To say he changed my life is an understatement.
It was thirty years ago tonight that Nathan came into my life and it hasn't been the same since. And I count that as a VERY good thing.
You see, I was single & selfish. I had no clue I was even selfish. My parents lived five hours away. I had married at 20 & divorced at 22. My brother and I had been roommates but I had just moved into an apartment on my own. I only had myself to care for & about so it didn't seem selfish. I worked out a couple hours every evening (body building) then I went to my favorite bar, slept, got up & went to my good paying, tolerable job; repeat. I drank entirely too much and all the men I dated were from "my" bar.
My life wasn't unsatisfactory to me but it was meaningless.
And then, one night, my contraceptive failed and somehow I KNEW the next day that I was pregnant. Back then you had to wait a couple of weeks to take a pregnancy test at the doctor's office.
So I waited.
If you've been there or ever had a scare & thought you might be there, you know all the things that ran through my head. Yet I knew from the onset that I would have this baby. And that I would have to change some things in my life.
I just had no idea how many things.
Flash forward to THAT day. The time exactly 30 years ago now when I'd been having minute-and-a-half contractions for two hours already. My mother was there. My best friend was there. But no one else. You see, when you're living a shallow life only for yourself, you find yourself very much alone in times of need.

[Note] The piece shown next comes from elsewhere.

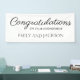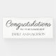 Weiß mit einem eleganten schwarzen Drehbuch-Party "Herzlichen Glückwunsch zu Ihrer Verlobung" Banner personalisiert mit den Namen der Braut und Bräutigam.

12 more hours of hard labor & a million expletives later, I met Nathan. As he lay in the warming bassinet getting cleaned up, he just stared at me.
And that was it.
I was a goner.
I was hooked forever and, whether he knows it or not, he is still somehow holding my heart in his hand.
And I realized over-night how much my mother knew and what I had put her through. I like to say her intelligence tripled that night but we all know that it was just my awareness of motherhood that changed. You see, despite my unwitting selfishness, my parents were ALWAYS there for me. I knew that moment for the first time that I had the best parents on the planet. And that I wanted to be that kind of Mom.Nathan and I lived with my folks until he was two and then we moved back to Dallas where I got to experience the joys & pains of single motherhood. I remarried. I had a beautiful daughter who also manages to hold my heart in her hand. I divorced. I remarried (you can read all about that story here).
But I never overcame what happened to me 30 years ago.
Nor do I want to.
You see, Nathan was born that day.
And in addition, a mother was born.
And she is much better off than she was before - despite the fact that her heart has to live now in two different places with her children.
I thank God daily that I had my kids.
That He broke into my life and reduced (unfortunately, not removed LOL) the selfishness and replaced it with a love that I could not even fathom before.
The first "love of my life".
Happy Birthday Son.
I love you more than you could know.